I have a classes B and C which inherit from superclass A. I would like
to get a list of all A's but filter the list to ignore those in C
which have a property d set to 2.

select a from A where a.d == 2 fails because "d" is not a property of A.



 Comments   
Comment by Roman S. Borschel [ 31/Mar/10 ]

Thats indeed tricky. That syntax alone can, however, never work, because there might be several subclasses that have a field named "d", so Doctrine would not know which field you mean.

We might need special syntax for such constructs but I'm not sure it is worth it. If anyone has an idea, just shoot.
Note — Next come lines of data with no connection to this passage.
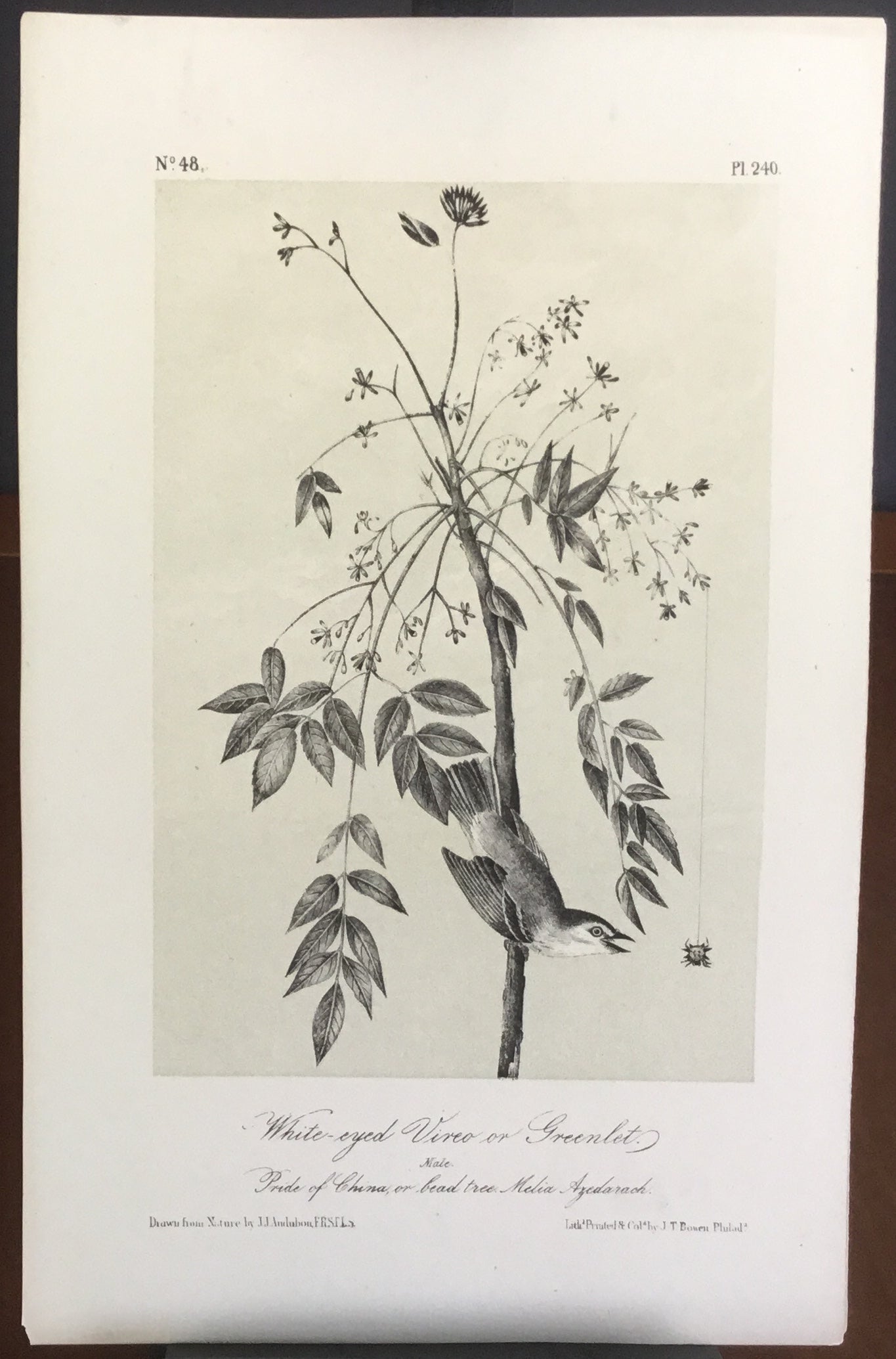 Audubon Octavo White-eyed Vireo or Greenlet, plate 240, uncolored test sheet, 7 x 11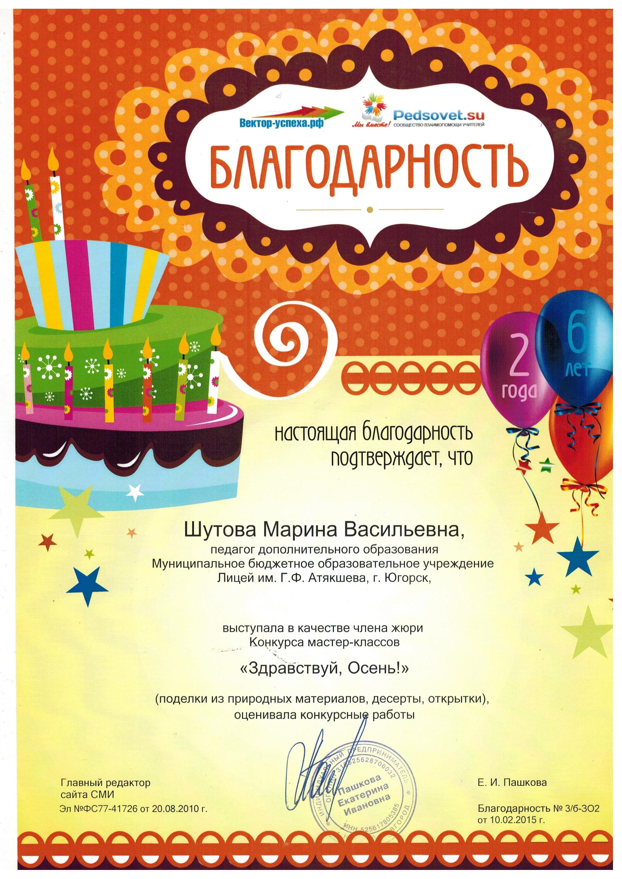 Благодарность главного редактора сайта СМИ Вектор-успеха.рф за качественную работу в качестве жюри Всероссийского конкурса мастер-классов;
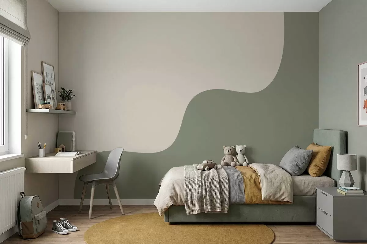 Papier peint photo Formes abstraites douces dans des tons beige clair et vert N° w05097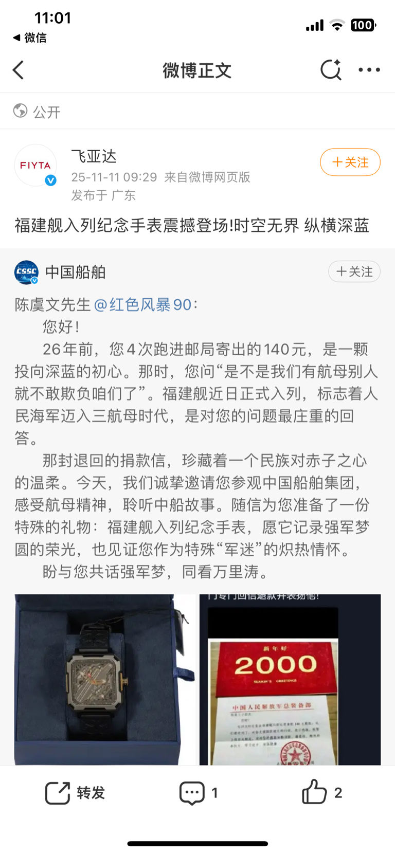 $飞亚达(SZ000026)$ 捐款140元造航母的“小朋友”,收到中国船舶邀请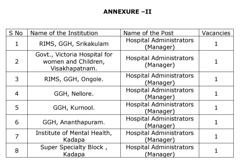 తాజాగా ఆంధ్రప్రదేశ్ మెడికల్ సర్వీసెస్ రిక్రూట్మెంట్ బోర్డ్ విడుదల చేసిన ఈ నోటిఫికేషన్ ద్వారా డైరెక్టర్ ఆఫ్ మెడికల్ ఎడ్యుకేషన్ లో హాస్పిటల్ అడ్మినిస్ట్రేటర్ (మేనేజర్స్) అనే ఉద్యోగాలు భర్తీ చేస్తున్నారు.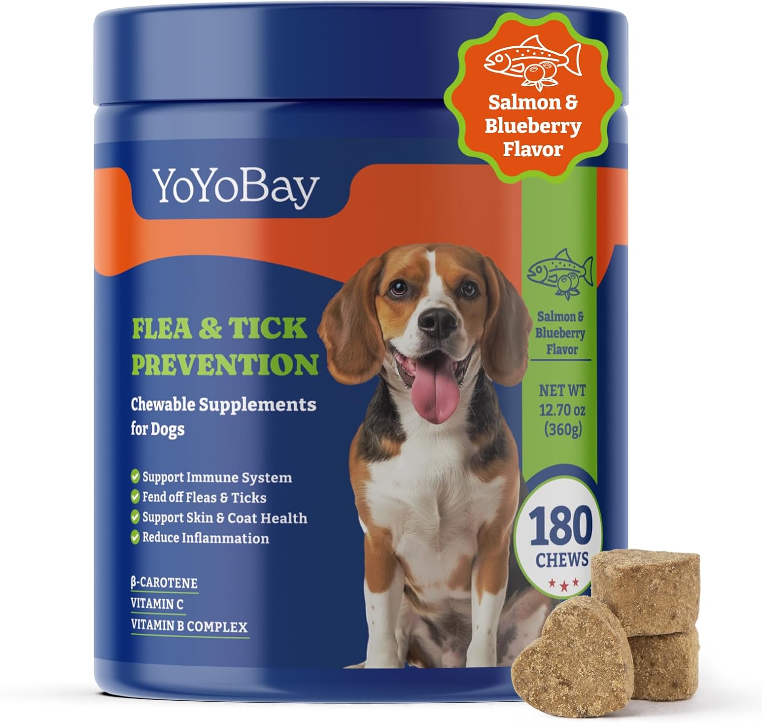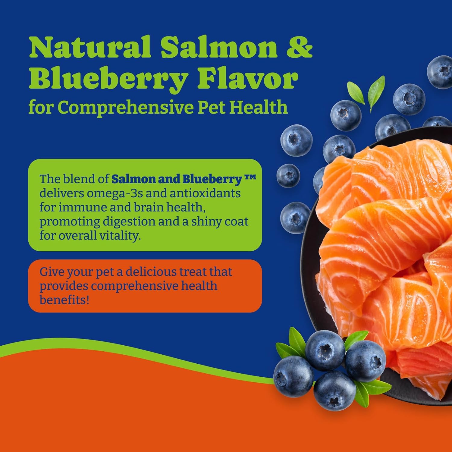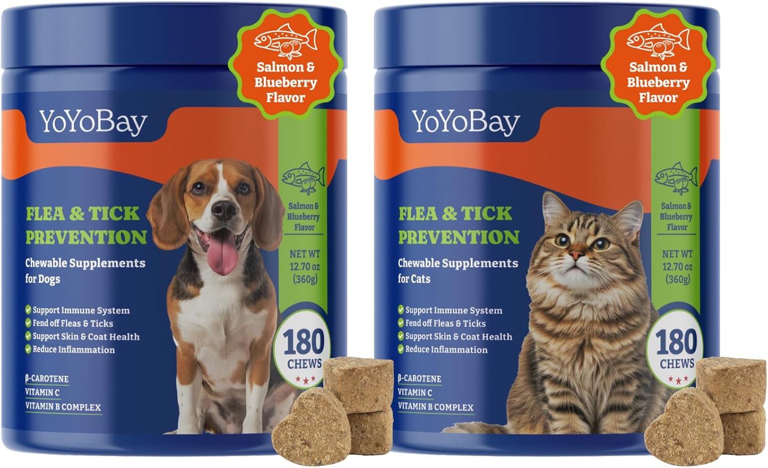 - Tastes Dogs & Cats Adore: Our flea & tick prevention chews combine the flavorful tastes of salmon and blueberry, designed to delight your pet while supporting digestion, coat health, and overall well-being. Treat your pet to a delicious and beneficial supplement they’ll enjoy every day.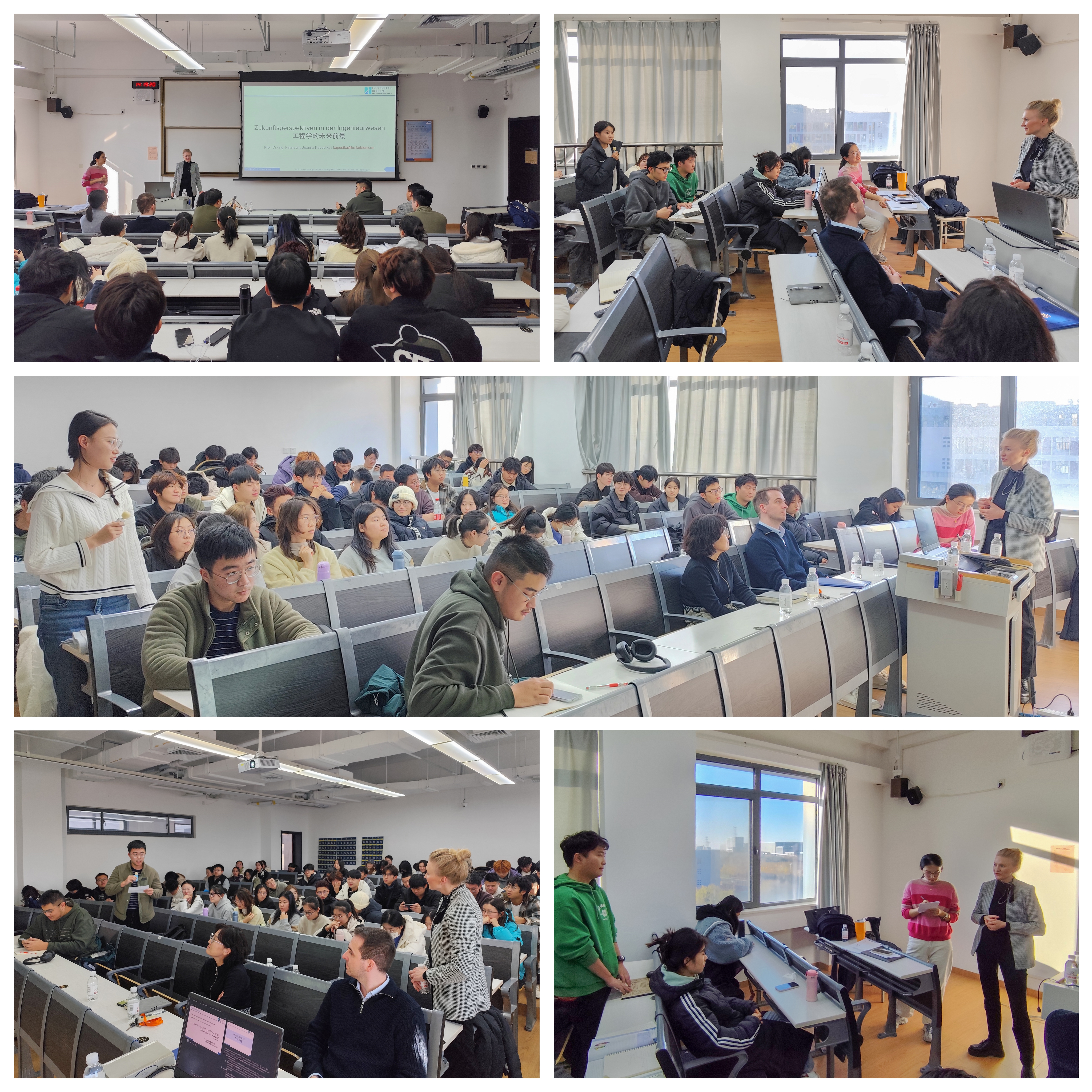 在随后与学生的交流互动环节中,Katarzyna Kapustka教授以耐心的态度解答了学生们的提问,并分享了德国科布伦茨应用科技大学在工程学领域的教学心得与科研成就,从而激发了学生们对专业知识的探索热情以及对未来职业道路的向往。她激励学生们勇于创新,敢于实践,并强调中德学术交流将为学生们开启更宽广的视野和更多样化的发展机遇。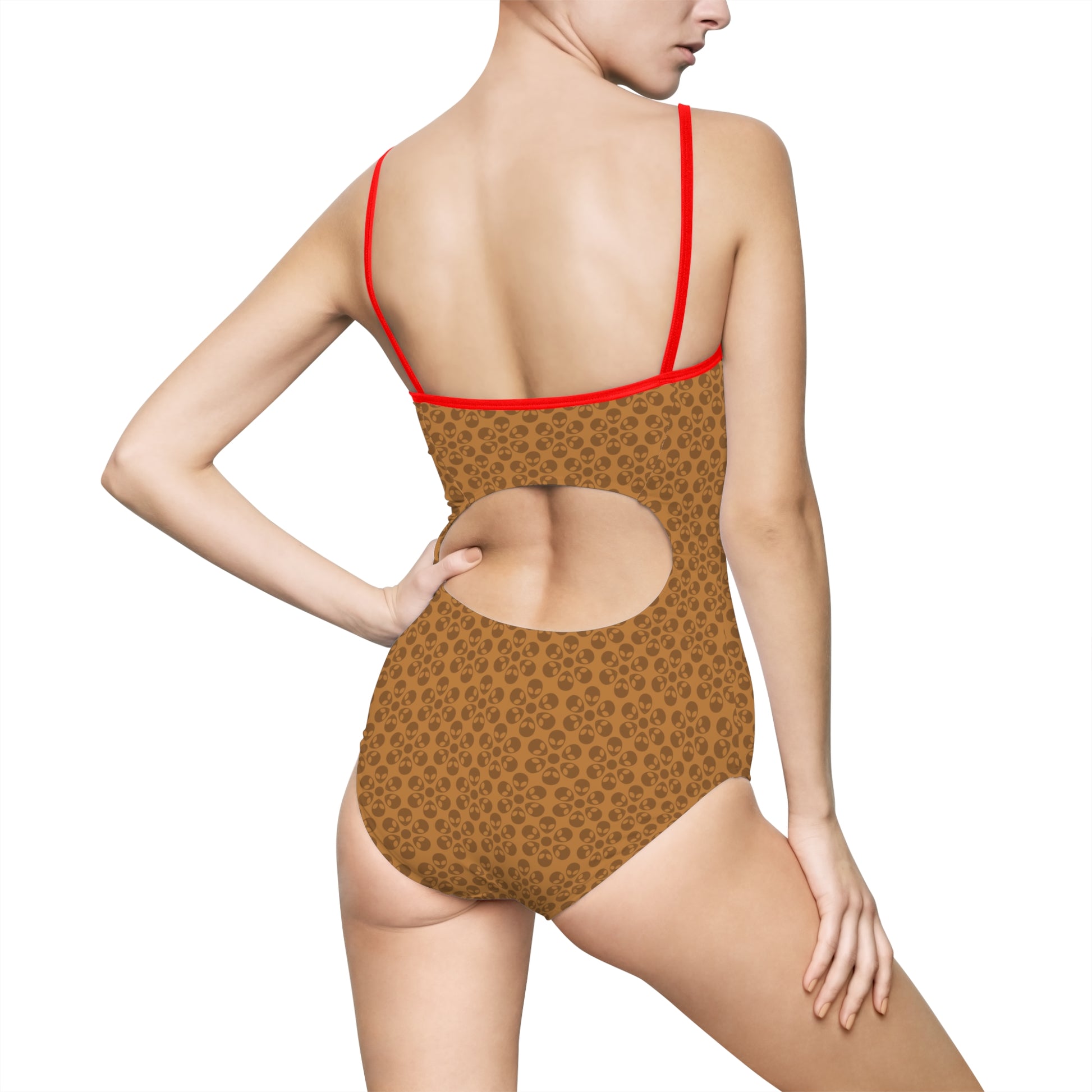 Womens Onepiece Swimsuit Alien Flowers Light Brown

Alternatively, apart from using a native query, what about this DQL:

select a from A a where a.id not in (select c.id from C c where c.d = 2)
Comment by Benjamin Eberlei [ 01/Apr/10 ]

I am sorry, but isn't this sort of query a violation of object oriented programming, Accessing a Superclass A and checking for a property that exists on a certain child is not possible in any strict OO language without specific casting into the type beforehand.

Comment by Roman S. Borschel [ 01/Apr/10 ]

Thats why I said "we would need special syntax for such constructs", i.e. casting syntax

However, the alternative query I showed should work just fine for such purposes.

Comment by Menno Holtkamp [ 18/Jul/11 ]

+1 for this request.

When displaying data (stored in a database) to end-users using generated tables, server-side sorting and filtering on properties that belong to subclasses is a common task, for instance to provide the data presented in a JQuery Datatable: http://www.datatables.net.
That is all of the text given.